Le pouvoir du mari sur les enfants nés du mariage. « L’enfant, à tout âge, doit honneur et respect à son père et à sa mère. Il reste sous leur autorité jusqu’à sa majorité ou son émancipation. » « Le père seul exerce cette autorité durant le mariage. » En cas de désaccord, c’est l’avis du père qui prime toujours.
L’autorité parentale est un moyen de chantage sur la mère qui voudrait quitter la maison conjugale.
La loi jugeait différemment l’adultère selon qu’il était pratiqué par le mari ou par l’épouse.

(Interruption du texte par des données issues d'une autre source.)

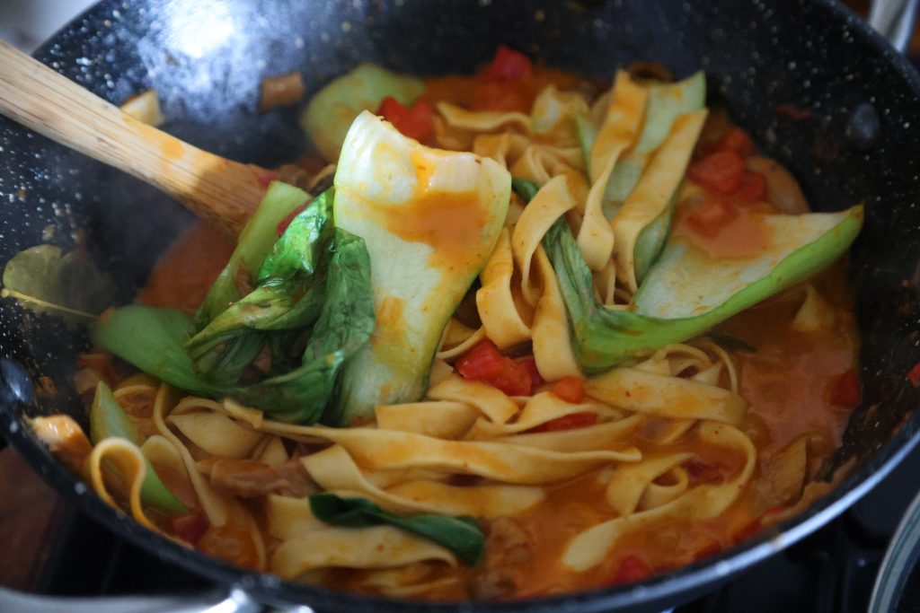 7. Add pak choi at the end — it should remain slightly crisp.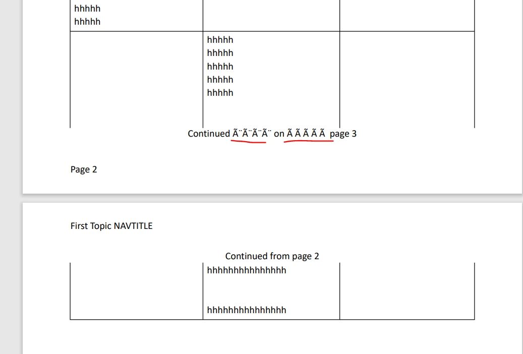 Table continuation markers no longer seem to accept 'special' characters such as é or à.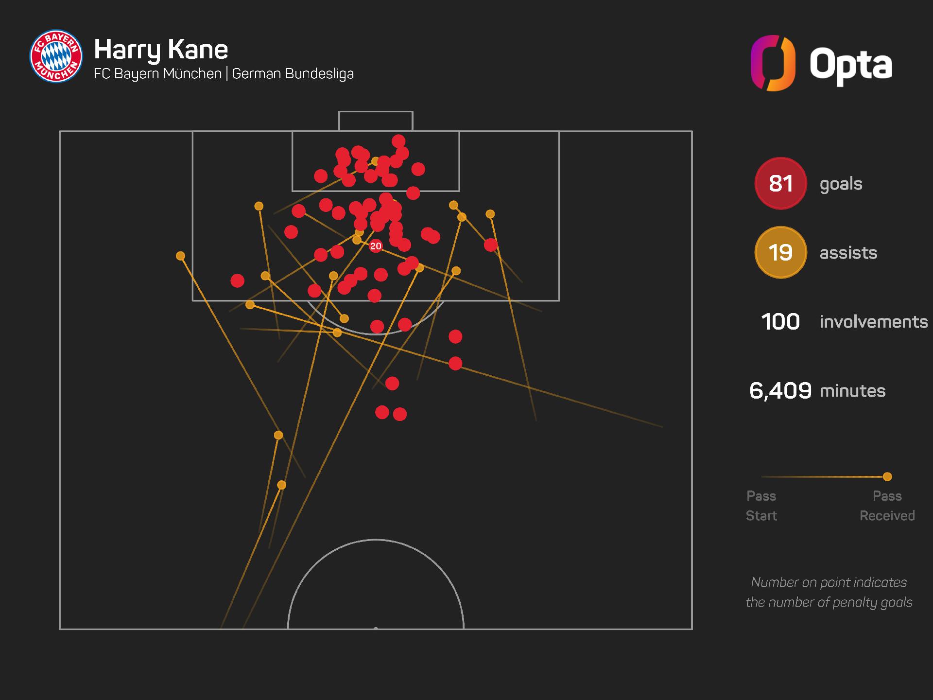 Meanwhile, Kane's 92nd-minute goal was his 51st for Bayern in all competitions, but it also saw him register his 100th goal involvement in Germany's top tier.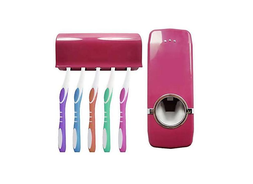 Mabor Dispensador automático de pasta de dente montado na parede, kit espremedor de pasta de dente com 5 suportes de escova de dentes de parede organizador com capa à prova de poeira para chuveiro e banheiro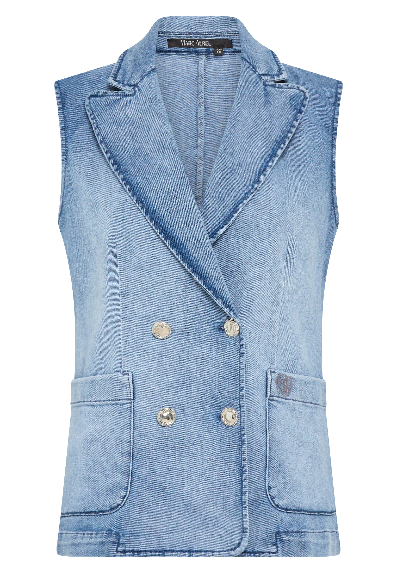 Diese Weste bringt klassische Denim-Elemente in eine moderne Form. Die doppelte Knopfreihe, aufgesetzte Taschen und die Logostickerei unterstreichen den authentischen Look, während die Schlitzoptik das Design auflockert. Die formstabile Denimqualität mit sommerlicher Waschung sorgt für angenehmen Sitz.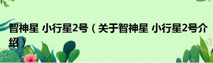 免责声明:本文由用户上传,如有侵权请联系删除!大家好,小钱来为大家解答以上的问题。智神星 小行星2号,关于智神星 小行星2号介绍这个很多人还不知道,现在让我们一起来看看吧!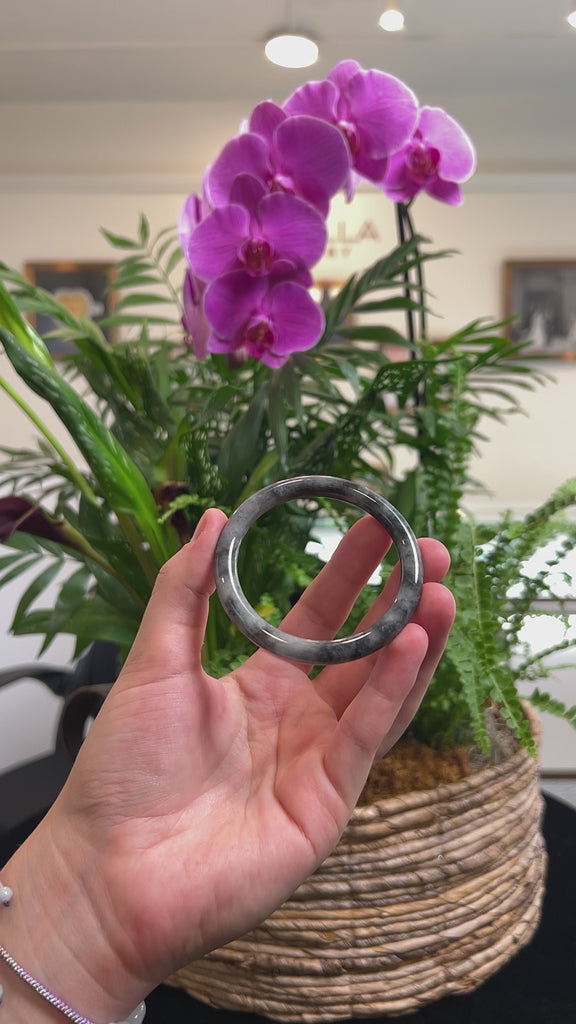 * DETAILS--- This bangle is crafted from genuine Burmese Jadeite jade. It features a black WuJi color, (乌鸡) "black chicken" a blackish grey tone throughout that makes it truly captivating and unique. The jade texture is smooth with some natural lines and cloudy spots that reflects the jade’s genuine character. These organic features also make this piece more accessible and affordably priced, offering exceptional beauty and value. (Similar item sent at random)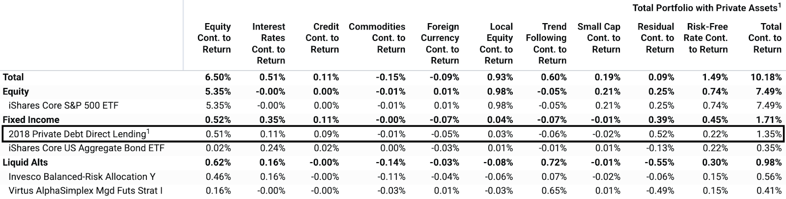 This can lead to insights, such as quantifying which assets drove the systematic or residual return of a total portfolio, inclusive of private assets, as illustrated in Exhibit 5.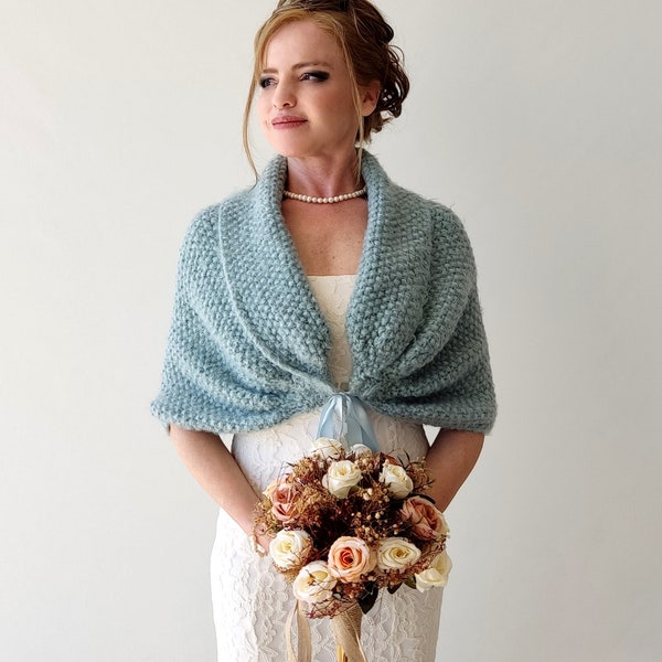 Light Blue Bridal Shawl , Knitted Shawl, Wedding Shawl, Evening Shawl, Cover Up, Stole, Vegan shawl for blue dress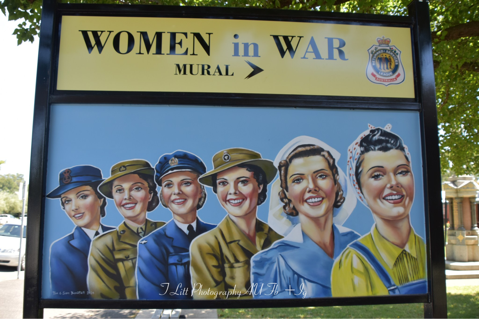 Part of the Women in War mural. By artists Tim and Sam Bowtell in Violet Town, Vic.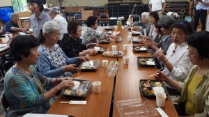 引き続き、今度は楽しいビデオを見ました。腹の皮が捩れるくらい笑った後は、民生委員・児童委員、福祉委員の方々が作った美味しい昼食を頂きました。皆で集まると、会話も弾みます。いつも以上に、ずぅっと美味しく感じますよね♪

Le code pénal faisait une différence énorme entre l’infidélité du mari et celle de la femme. La loi était très sévère pour la femme adultère. « La femme convaincue d’adultère subira la peine de l’emprisonnement pendant trois mois et deux ans au plus. »
Le mari peut arrêter la condamnation s’il consent à reprendre sa femme.
Selon le Code, l’adultère de la femme ne pouvait être dénoncé que par le mari.
Le mari infidèle était traité avec plus d’indulgence. « Le mari qui entretient une concubine dans la maison conjugale sera puni de 100 francs à 2000 francs d’amende. »
Un mari qui « trompe en ville » n’est pas coupable selon la loi. Un mari pouvait demander une séparation de corps si sa femme se révélait infidèle. La femme, non.
« Le meurtre commis par l’époux sur la femme et son complice, dès lors qu’il sont surpris dans la maison conjugale est excusable.
Le code pénal considère donc l’infidélité de la femme comme beaucoup plus grave que celle du mari. La raison tient dans le fait que la femme peut introduire un enfant adultérin dans la famille.
Le bâtard. Se rappeler le demi frère de Balzac que sa mère a eu avec son amant, M. de Morgone.